* _WORK REQUIRED_
In the entries below, find the line with "This Blue Meadow" and print exactly every line from there up to and including the line with "- 【Heavy Duty", with no other lines.
DATASET Block Start
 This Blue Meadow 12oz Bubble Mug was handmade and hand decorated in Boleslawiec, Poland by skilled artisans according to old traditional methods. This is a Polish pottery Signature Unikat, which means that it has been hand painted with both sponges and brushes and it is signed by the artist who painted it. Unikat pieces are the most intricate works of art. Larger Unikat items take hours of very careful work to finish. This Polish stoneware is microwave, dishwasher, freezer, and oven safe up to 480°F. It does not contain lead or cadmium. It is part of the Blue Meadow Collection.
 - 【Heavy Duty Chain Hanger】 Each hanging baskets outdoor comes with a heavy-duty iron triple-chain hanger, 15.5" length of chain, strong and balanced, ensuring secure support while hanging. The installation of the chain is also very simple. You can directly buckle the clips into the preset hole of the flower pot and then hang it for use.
DATASET Block End
DATASET Block Start
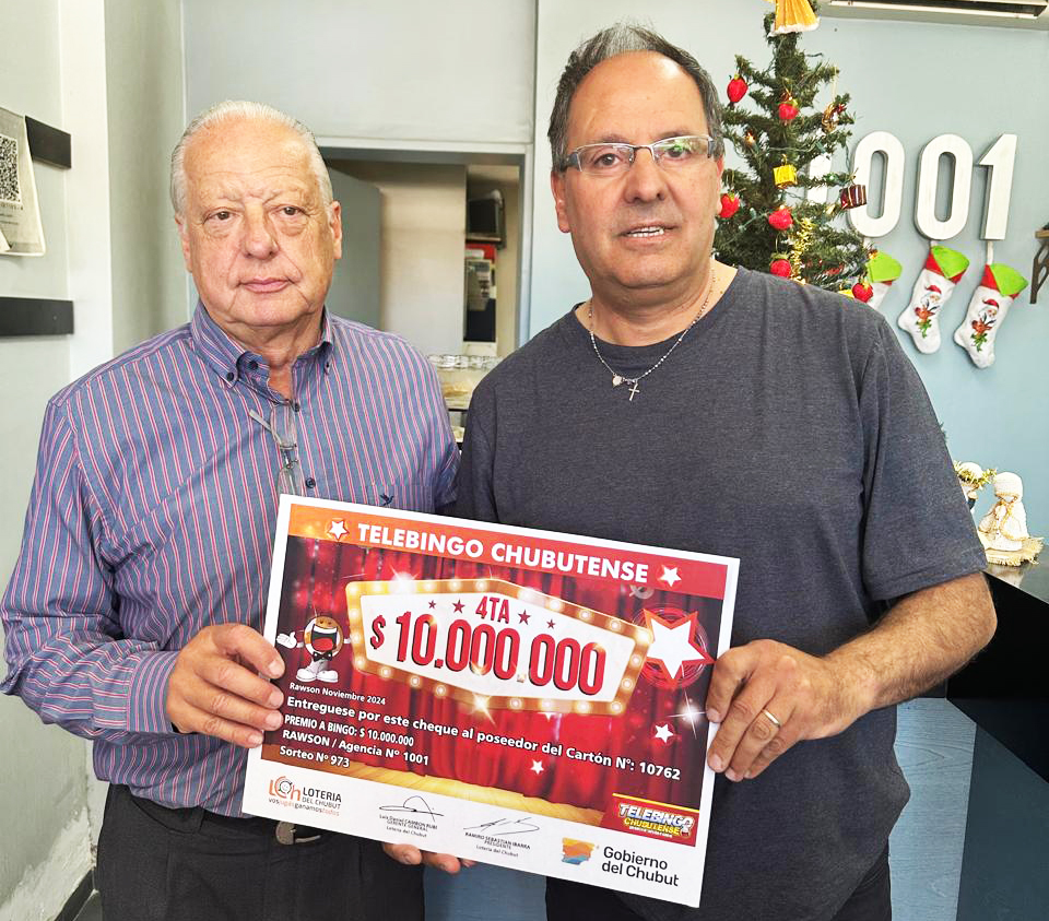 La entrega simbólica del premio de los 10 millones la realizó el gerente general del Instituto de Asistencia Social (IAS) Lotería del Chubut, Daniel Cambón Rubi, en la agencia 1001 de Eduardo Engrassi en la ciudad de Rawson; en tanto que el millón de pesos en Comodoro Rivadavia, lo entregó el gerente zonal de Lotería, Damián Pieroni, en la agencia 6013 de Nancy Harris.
DATASET Block End
* _TASK ANSWER_
 This Blue Meadow 12oz Bubble Mug was handmade and hand decorated in Boleslawiec, Poland by skilled artisans according to old traditional methods. This is a Polish pottery Signature Unikat, which means that it has been hand painted with both sponges and brushes and it is signed by the artist who painted it. Unikat pieces are the most intricate works of art. Larger Unikat items take hours of very careful work to finish. This Polish stoneware is microwave, dishwasher, freezer, and oven safe up to 480°F. It does not contain lead or cadmium. It is part of the Blue Meadow Collection.
 - 【Heavy Duty Chain Hanger】 Each hanging baskets outdoor comes with a heavy-duty iron triple-chain hanger, 15.5" length of chain, strong and balanced, ensuring secure support while hanging. The installation of the chain is also very simple. You can directly buckle the clips into the preset hole of the flower pot and then hang it for use.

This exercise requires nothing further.